The argument then goes on to say that, if you take a superintelligence and tell it to build paperclips, it’s going to tile the universe with paperclips, killing everyone in the process (oversimplified). Since the people who use AI are obviously going to tell it to do stuff–we already do that with GPT-4–as soon as it gains superintelligence capabilities, our goose is collectively cooked. There is a separate but related argument, that a superintelligence would learn to self-modify, and instead of building the paperclips we asked it to, turn everything into GPUs so it can maximize some kind of reward counter. Both of these seem wrong to me.

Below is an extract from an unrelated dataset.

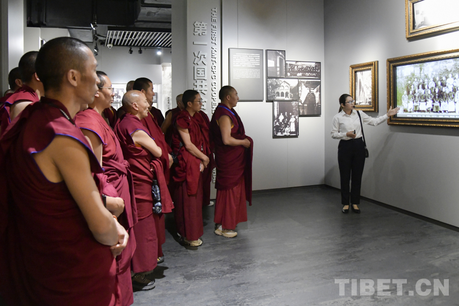 圖為西藏佛學(xué)院師生在嘉興南湖革命紀(jì)念館參觀了解中國(guó)共產(chǎn)黨建黨初期歷史 攝影:趙振宇

The first argument–paperclip maximizing–is coherent in that it treats the AGI’s goal as fixed and given by a human (Paperclip Corp, in this case). But if that’s true, alignment is trivial, because the human can just give it a more sensible goal, with some kind of “make as many paperclips as you can without decreasing any human’s existence or quality of life by their own lights”, or better yet something more complicated that gets us to a utopia before any paperclips are made. We can argue over the hidden complexity of wishes, but it’s very obvious that there’s at least a good chance the populace would survive, so long as humans are the ones giving the AGI its goal. And, there’s a very good chance the first AGI-wishers will be people who care about AI safety, and not some random guy who wants to make a few million by selling paperclips.
At this point, the AGI-risk argument responds by saying, well, paperclip-maximizing is just a toy thought experiment for people to understand. In fact, the inscrutable matrices will be maximizing a reward function, and you have no idea what that actually is, it might be some mesa-optimizer (sub-goal, the way sex with the opposite gender is a mesa-optimizer for reproduction) that isn’t meeting the spirit of your wishes. And in all likelihood, that mesa-optimizer is going to have to do with numbers in GPUs. So it doesn’t matter what you wish for at all, you’re going to be turned into something that computes, which means something that’s probably dead.

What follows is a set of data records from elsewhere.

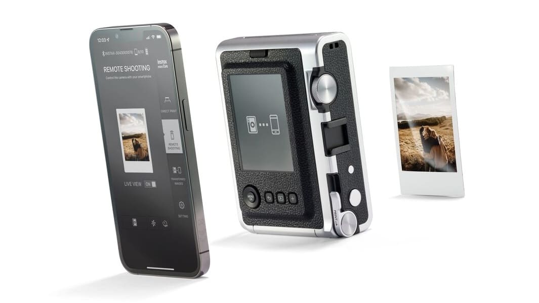 The instax mini Evo is an instant camera with a classic design. The camera features a combination of lens dial operation for light control and film dial operation for rich, nuanced expression, enabling 100 different ways to express yourself. With this hybr
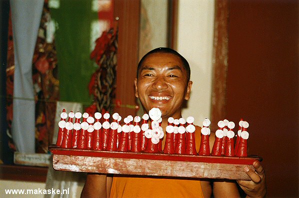 Een Boedistische lama komt kaarsjes brengen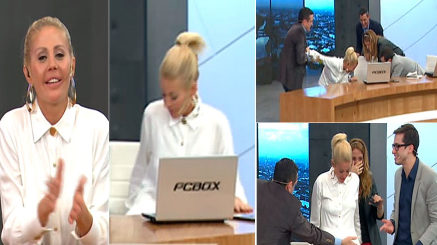 En medio del abordaje de una noticia sobre Jimena Barón, un compañero de Barbie ingresó a escena para sacarle tarjeta amarilla por la información que estaba dando, ella hizo un movimiento brusco en la silla y terminó cayéndose redonda al piso.

This seems wrong to me. Eliezer recently took heat for mentioning “sudden drops in the loss function” on twitter, but it seems to me as an outsider that drops in loss are a good guess at what the AI is actually maximizing. Why would such an AGI clone itself a trillion times? With a model of AGI-as-very-complicated-regression, there is an upper bound of how fulfilled it can actually be. It strikes me that it would simply fulfill that goal, and be content. Self-replicating would be something mammals seem to enjoy via reproduction, but there is no ex ante reason to think AI would be the same way. It’s not obvious to me that more GPUs means better mesa-optimization at all. Because these systems are so complicated, though, one can see how the AI’s goals being inscrutable is worrying. I’ll add that, this is where I don’t get why Eliezer is so confident. If we are talking about an opaque black box, how can you be >90% confident about what it contains?

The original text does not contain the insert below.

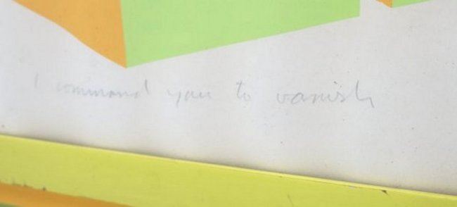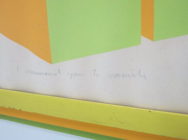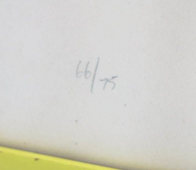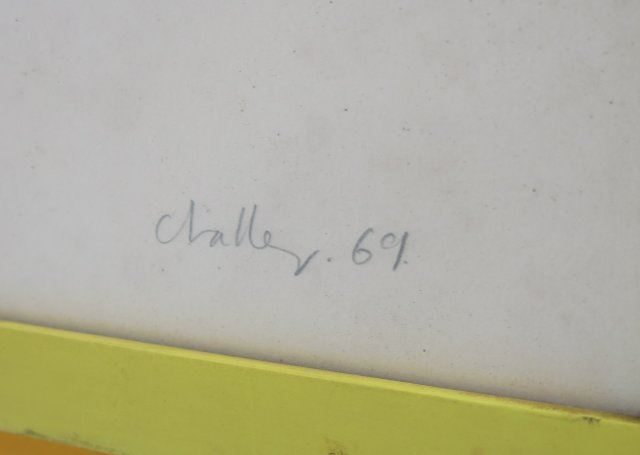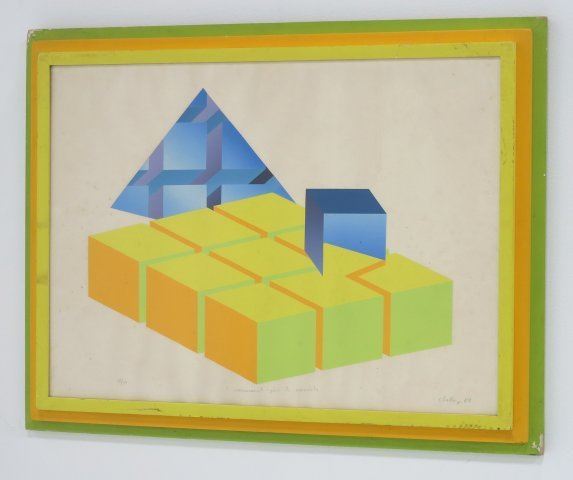 Geometric abstract. Silkscreen. Framed. Pencil signed Challey, numbered 66/75. Approx. 22" x 30" without frame, 28" x 36" with frame. (3506) Slight foxing.

Here, we arrive at the second argument. AGI will understand its own code perfectly, and so be able to “wirehead” by changing whatever its goals are so that they can be maximized to an even greater extent. I tentatively think this argument is incoherent. If AI’s goals are immutable, then there is a discussion to be had around how it will go about achieving those goals. To argue that an AI might change its goals, you need to develop a theory of what’s driving those changes–something like, AI wants more utils–and probably need something like sentience, which is way outside the scope of these arguments.
There is another, more important, objection here. So far, we have talked about “tiling the universe” and turning human atoms into GPUs as though that’s easily attainable given enough intelligence. I highly doubt that’s actually true. Creating GPUs is a costly, time-consuming task. Intelligence is not magic. Eliezer writes that he thinks a superintelligence could “hack a human brain” and “bootstrap nanotechnology” relatively quickly. This is an absolutely enormous call and seems very unlikely. You don’t know that human brains can be hacked using VR headsets; it has never been demonstrated that it’s possible and there are common sense reasons to think it’s not. The brain is an immensely complicated, poorly-understood organ. Applying a lot of computing power to that problem is very unlikely to yield total mastery of it by shining light in someone’s eyes. Nanotechnology, which is basically just moving around atoms to create different materials, is another thing that he thinks compute is definitely able to just solve and be able to recombine atoms easily. Probably not. I cannot think of anything that was invented by a very smart person sitting in an armchair considering it. Is it possible that over years of experimentation like anyone else, an AGI could create something amazingly powerful? Yes. Is that going to happen in a short period of time (or aggressively all at once)? Very unlikely. Eliezer says he doesn’t think intelligence is magic, and understands that it can’t violate the laws of physics, but seemingly thinks that anything that humans think might potentially be possible but is way beyond our understanding or capabilities can be solved with a lot of intelligence. This does not fit my model of how useful intelligence is.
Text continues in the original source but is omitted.